■ Task brief ■
In the entries below, begin at the line that has "وهذا لا يصح" and stop after the line that has "6台中5台がプラス差枚と優秀な結果を残し、好調さを周囲にアピールしていた。"; output those lines exactly, leaving out pictures.
━━ Data provided
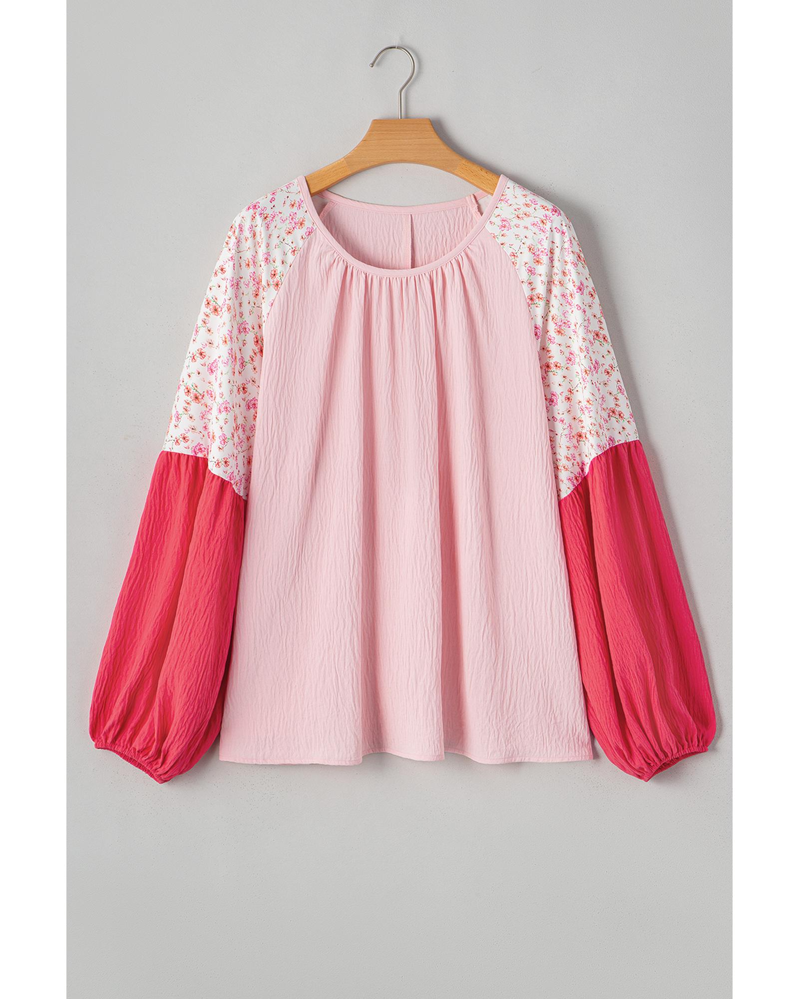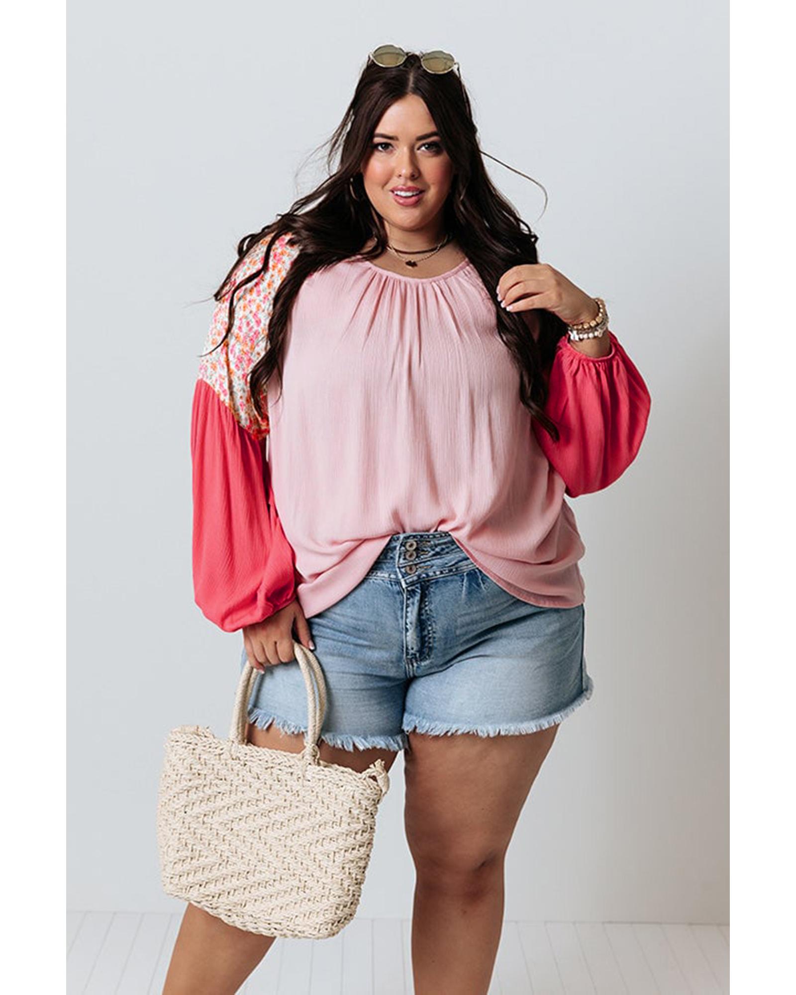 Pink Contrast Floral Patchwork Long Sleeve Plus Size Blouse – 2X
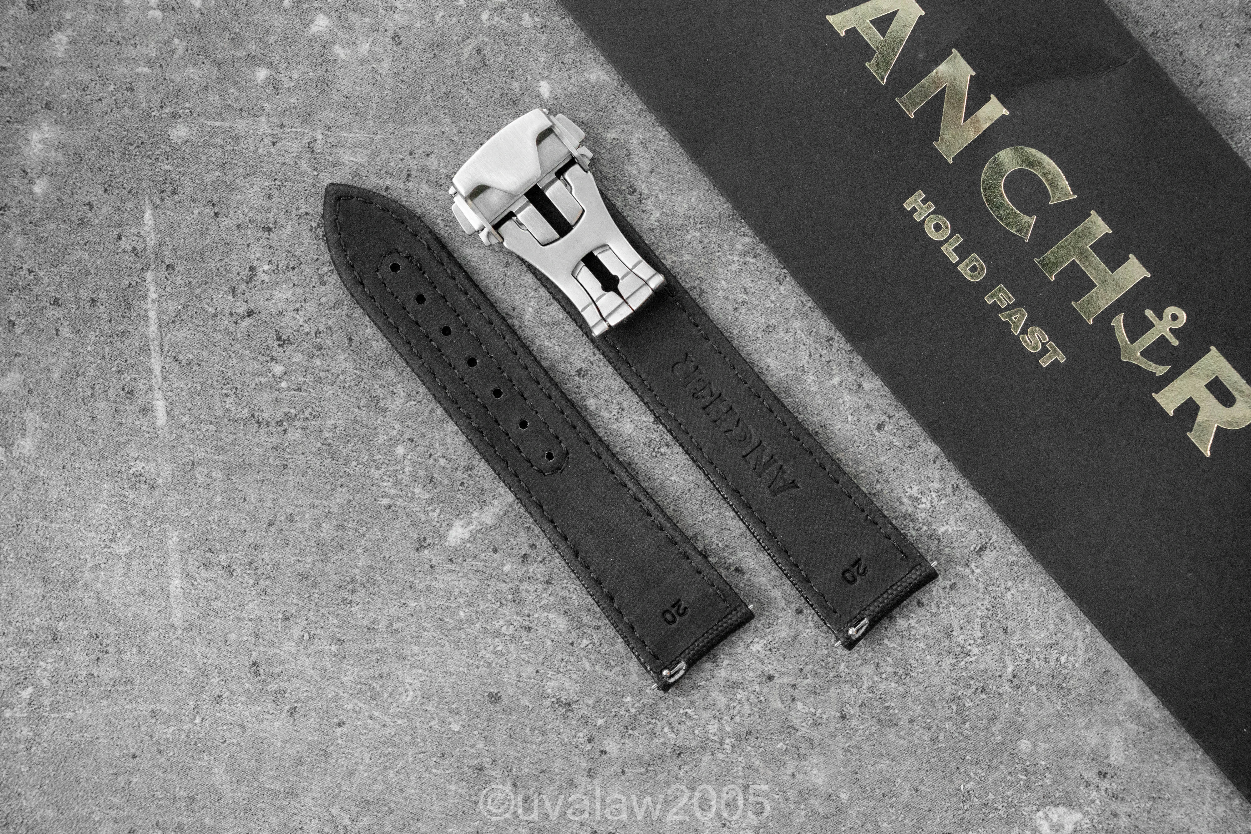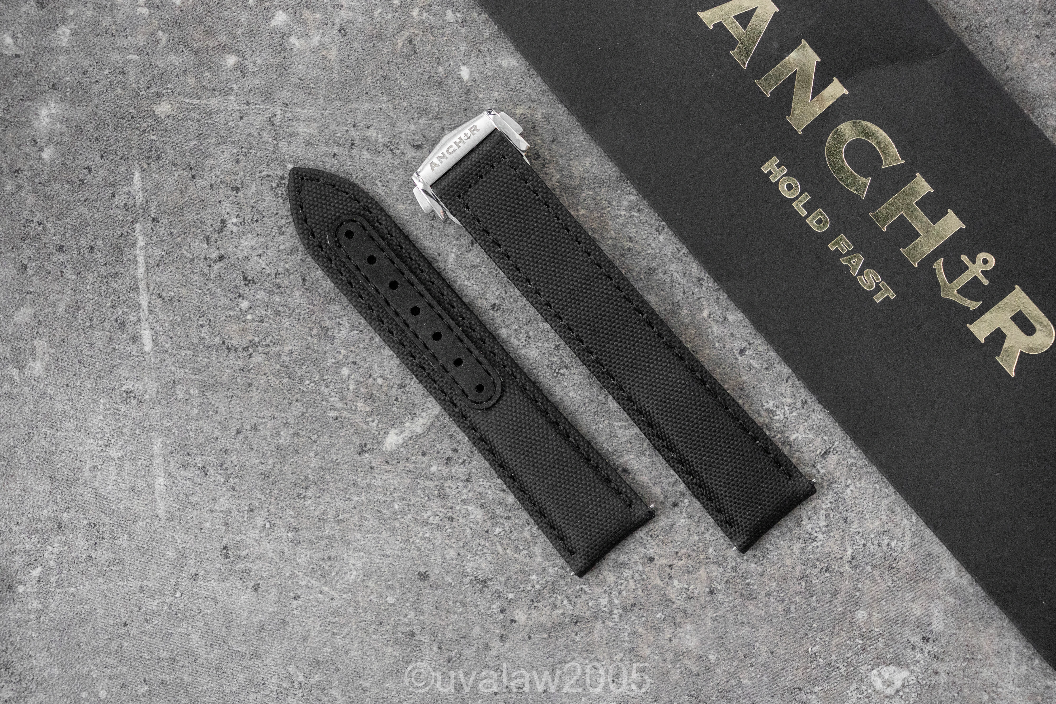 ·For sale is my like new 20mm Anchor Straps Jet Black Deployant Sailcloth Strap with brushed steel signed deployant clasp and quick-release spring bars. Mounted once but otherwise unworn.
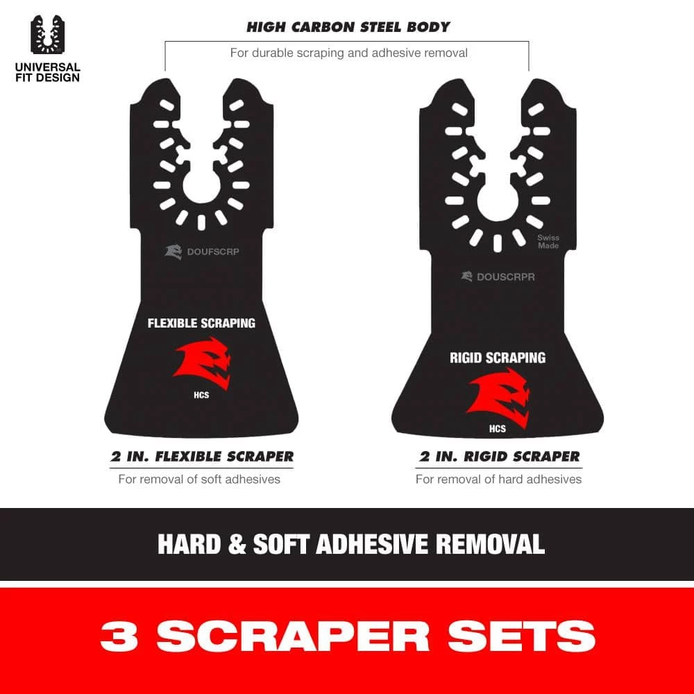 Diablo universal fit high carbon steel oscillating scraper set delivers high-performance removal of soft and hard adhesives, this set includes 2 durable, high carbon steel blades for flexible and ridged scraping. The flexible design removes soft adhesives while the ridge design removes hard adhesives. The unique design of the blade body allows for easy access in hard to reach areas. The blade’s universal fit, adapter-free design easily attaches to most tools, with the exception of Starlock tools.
━━━━
━━ Data provided
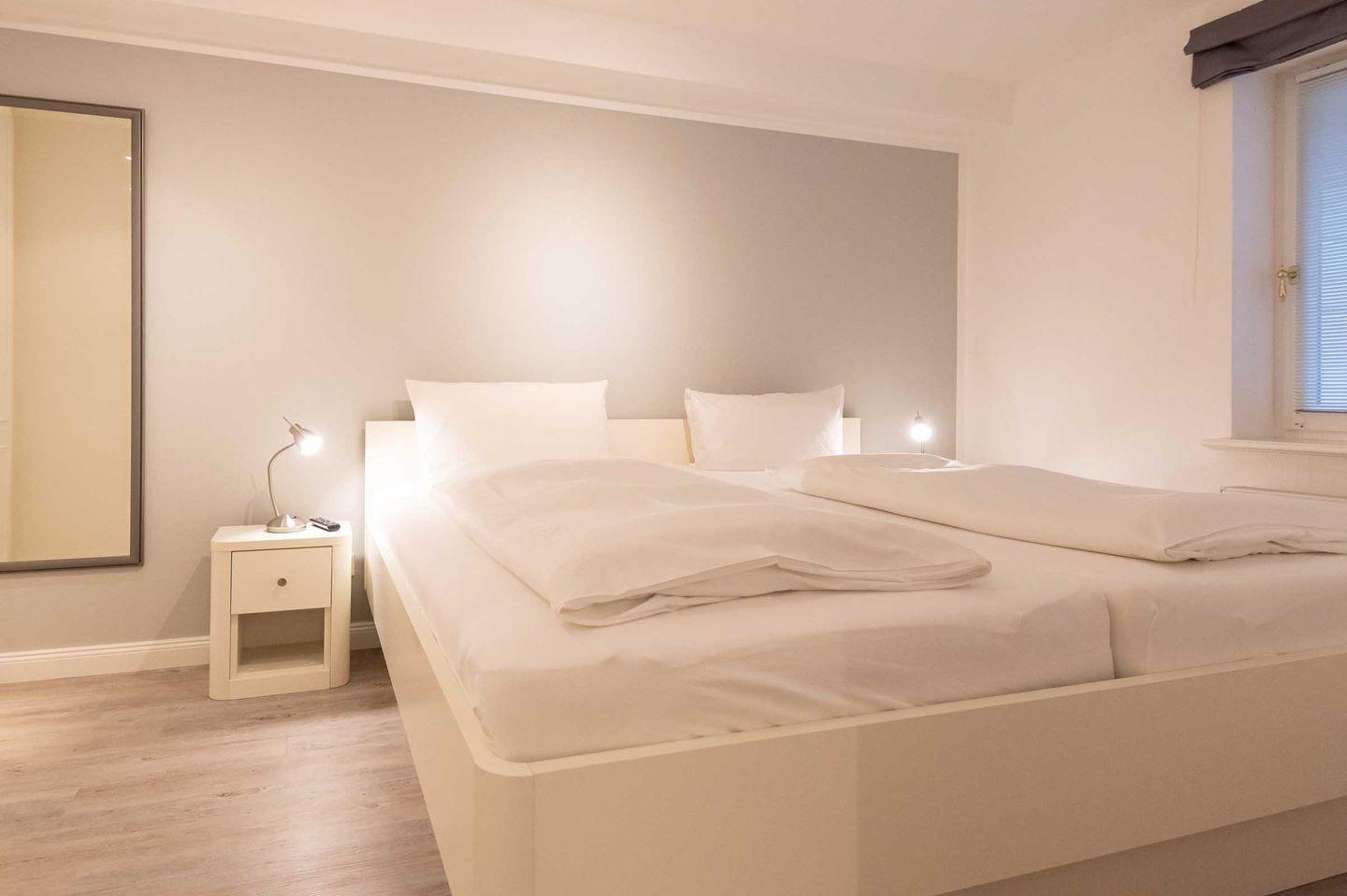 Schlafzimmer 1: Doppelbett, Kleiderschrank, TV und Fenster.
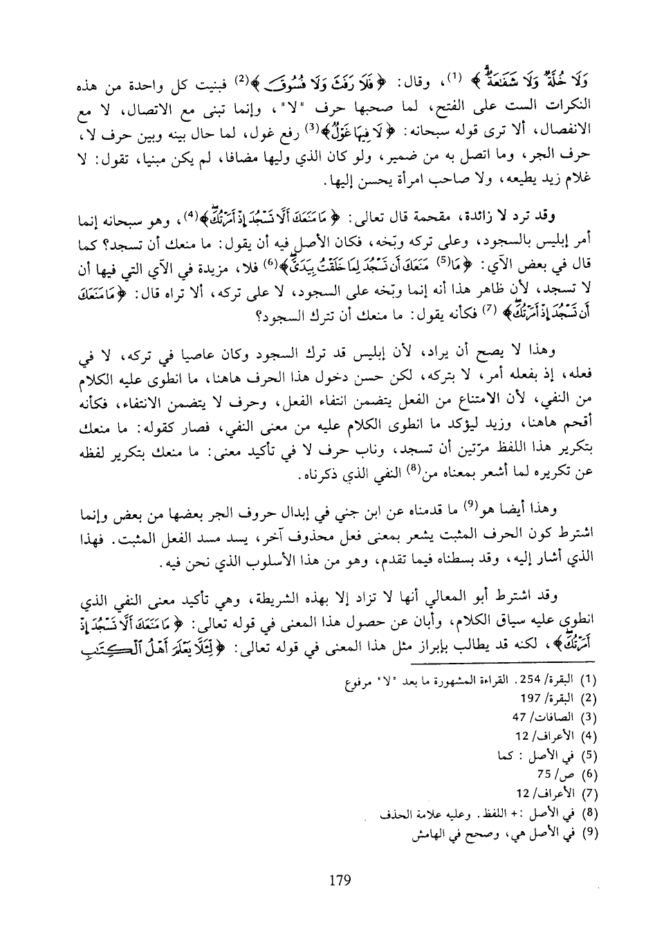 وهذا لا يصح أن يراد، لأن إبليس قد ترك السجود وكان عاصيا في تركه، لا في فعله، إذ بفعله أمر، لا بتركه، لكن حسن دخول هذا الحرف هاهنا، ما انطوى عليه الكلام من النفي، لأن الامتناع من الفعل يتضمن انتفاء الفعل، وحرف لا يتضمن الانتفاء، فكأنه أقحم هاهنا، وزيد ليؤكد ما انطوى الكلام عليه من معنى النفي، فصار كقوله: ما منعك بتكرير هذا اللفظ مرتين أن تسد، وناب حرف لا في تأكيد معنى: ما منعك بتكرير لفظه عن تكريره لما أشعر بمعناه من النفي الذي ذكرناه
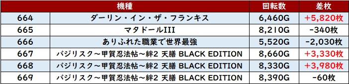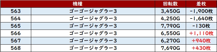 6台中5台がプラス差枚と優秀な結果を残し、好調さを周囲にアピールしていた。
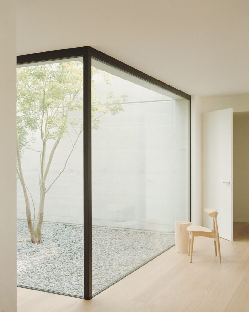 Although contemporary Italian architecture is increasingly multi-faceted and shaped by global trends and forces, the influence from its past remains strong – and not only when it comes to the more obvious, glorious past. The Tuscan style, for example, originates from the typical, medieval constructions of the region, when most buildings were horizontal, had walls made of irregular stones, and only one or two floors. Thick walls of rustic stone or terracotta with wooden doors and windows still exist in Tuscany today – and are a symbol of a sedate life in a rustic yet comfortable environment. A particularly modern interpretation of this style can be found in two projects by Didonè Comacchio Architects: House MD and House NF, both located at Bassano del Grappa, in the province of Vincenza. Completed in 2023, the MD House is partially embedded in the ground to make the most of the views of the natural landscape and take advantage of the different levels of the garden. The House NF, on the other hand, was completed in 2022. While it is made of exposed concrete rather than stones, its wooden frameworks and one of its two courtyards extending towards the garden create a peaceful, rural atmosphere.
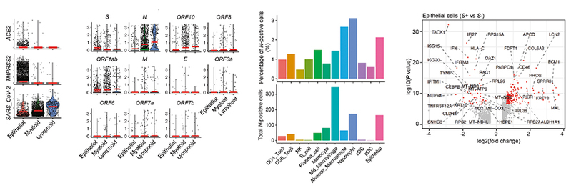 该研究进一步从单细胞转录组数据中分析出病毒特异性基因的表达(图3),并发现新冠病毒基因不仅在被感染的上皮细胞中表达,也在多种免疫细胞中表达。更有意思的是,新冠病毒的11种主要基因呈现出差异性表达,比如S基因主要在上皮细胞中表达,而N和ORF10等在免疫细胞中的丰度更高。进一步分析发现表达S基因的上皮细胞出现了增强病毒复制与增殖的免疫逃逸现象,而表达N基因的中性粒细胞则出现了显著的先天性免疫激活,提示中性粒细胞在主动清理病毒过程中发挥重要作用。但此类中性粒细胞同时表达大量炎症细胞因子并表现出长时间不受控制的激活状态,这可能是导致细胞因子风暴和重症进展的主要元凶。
━━━━
■ Written solution ■
 وهذا لا يصح أن يراد، لأن إبليس قد ترك السجود وكان عاصيا في تركه، لا في فعله، إذ بفعله أمر، لا بتركه، لكن حسن دخول هذا الحرف هاهنا، ما انطوى عليه الكلام من النفي، لأن الامتناع من الفعل يتضمن انتفاء الفعل، وحرف لا يتضمن الانتفاء، فكأنه أقحم هاهنا، وزيد ليؤكد ما انطوى الكلام عليه من معنى النفي، فصار كقوله: ما منعك بتكرير هذا اللفظ مرتين أن تسد، وناب حرف لا في تأكيد معنى: ما منعك بتكرير لفظه عن تكريره لما أشعر بمعناه من النفي الذي ذكرناه
 6台中5台がプラス差枚と優秀な結果を残し、好調さを周囲にアピールしていた。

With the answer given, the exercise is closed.